In the past two weeks, unrest in Thailand and Turkey and the rise overnight of interest rates in China may have been the most important topics in a generally quiet holiday season. The situation in Thailand and Turkey has put the currencies of emerging markets back into focus. Currencies played an important role in the leather pipeline in 2013. Not only have the currencies of many emerging and producing countries (Indonesia, India, Pakistan and Turkey, for example) lost value, but the same has happened in some of the main raw material exporting countries (including Australia, Brazil and South Africa). In the past three months, the value of various currencies dropped by between 5% and 10% against the US dollar and even more against the euro.
Apart from the political unrest in Thailand and Turkey and the sensitive situation in Brazil in the build-up to the World Cup in June and July, there are concerns about the outlook for many of the tiger economies. Social tensions are rising because the rapid growth in some of the these economies is not affecting everyone to the same extent, whereas rising prices for the basics such as food, energy and housing do. One of the main concerns, apart from poverty of people in the street, is education.
For investors, any kind of unrest and uncertainty are the biggest enemies, so they are pulling out as quickly as possible and exchange rates and stock markets are declining.
In China overnight rates jumped sharply in the days before Christmas. There was a lot of concern about the stability of banks due to bad loans many of the small and medium-size institutions still have on their books. Overnight rates for lending between the banks rose by up to almost 9% until the government helped with small money injections to safeguard the financial system. That was what many investors were expecting anyway so the overnight rates fell back to levels around 6%. The confidence of many investors in the Chinese government seems still to be almost endless, but there are also voices that are seriously concerned about the situation of the financial markets there. The government seems to be aware of the problems and the main concern is still the grey capital market which is so difficult to control, even in such a powerful and centralised economy.

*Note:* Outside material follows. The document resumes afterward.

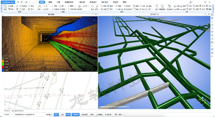 綜上所述,龍軟科技GHJS12礦用本安型三維激光掃描儀和云GIS融合數字化巷道建模技術,為煤礦井工巷道工程測量、數字化動態建模、數據分析及應用提供整體解決方案;為煤礦智能化地質保障和采掘應用提供一體化工具和技術服務。

We found it interesting to see gold and silver remain under serious pressure. The argument for the sharp rise in precious metals, which has been used to explain rapid price gains before, are still valid: they offer protection against inflation and are save havens for investment in difficult times. On the other hand, metals are not yielding at all and the indication that the Federal Reserve in the US may have started the process of ‘tapering’ (reducing quantitative easing) is making investment into ‘non-yielding’ assets less attractive.
Oil prices are still holding well. The market prices seem to be following producers’ intentions. Every decline in price is answered by concerns about supply to justify rebounds. The physical situation of the oil market does not explain the present levels.
The euro continues its strong performance, mainly due to the strong outlook for the German economy and indications of a modest recovery in the debt-shaken EU countries. However, this seems to be still rather uncertain and hard facts will have to confirm this in the first quarter.
Market Intelligence
During the holiday season there is little activity in the leather pipeline. Most people in the western world take a pretty long break and even if they visit their offices there is more administrative work waiting for them than commercial activities.
Looking back at the year 2013, one has to admit that it was a pretty special one. The crisis in Europe still has a number of countries in its tight grip, but the recovery after the crisis of 2008 continued and rising wealth around the globe led people, on average, to buy more. For many products such as cars, there was not only increasing demand in emerging markets, but also in markets like the US, which had been in the doldrums for a long time and was in need of renewal. In Europe the situation is still a bit different and car sales are lagging behind the global trend. However, people are pretty optimistic and as current cars get older, more people will have to think about buying new ones.
Car manufacturers are actively developing new models and despite all the discussions about the change in mobility, the standard car fuelled by petrol or diesel will still dominate the roads for some years to come. Interiors are becoming more important too, because people want to distinguish their vehicles by making them more comfortable or more luxurious. Then there is the question of the extra profit a leather interior can offer to the manufacturer. With more cars being produced and leather still a preferred material for car interiors, leather consumption in automotive is growing and from what we can see, this trend is going to continue in 2014.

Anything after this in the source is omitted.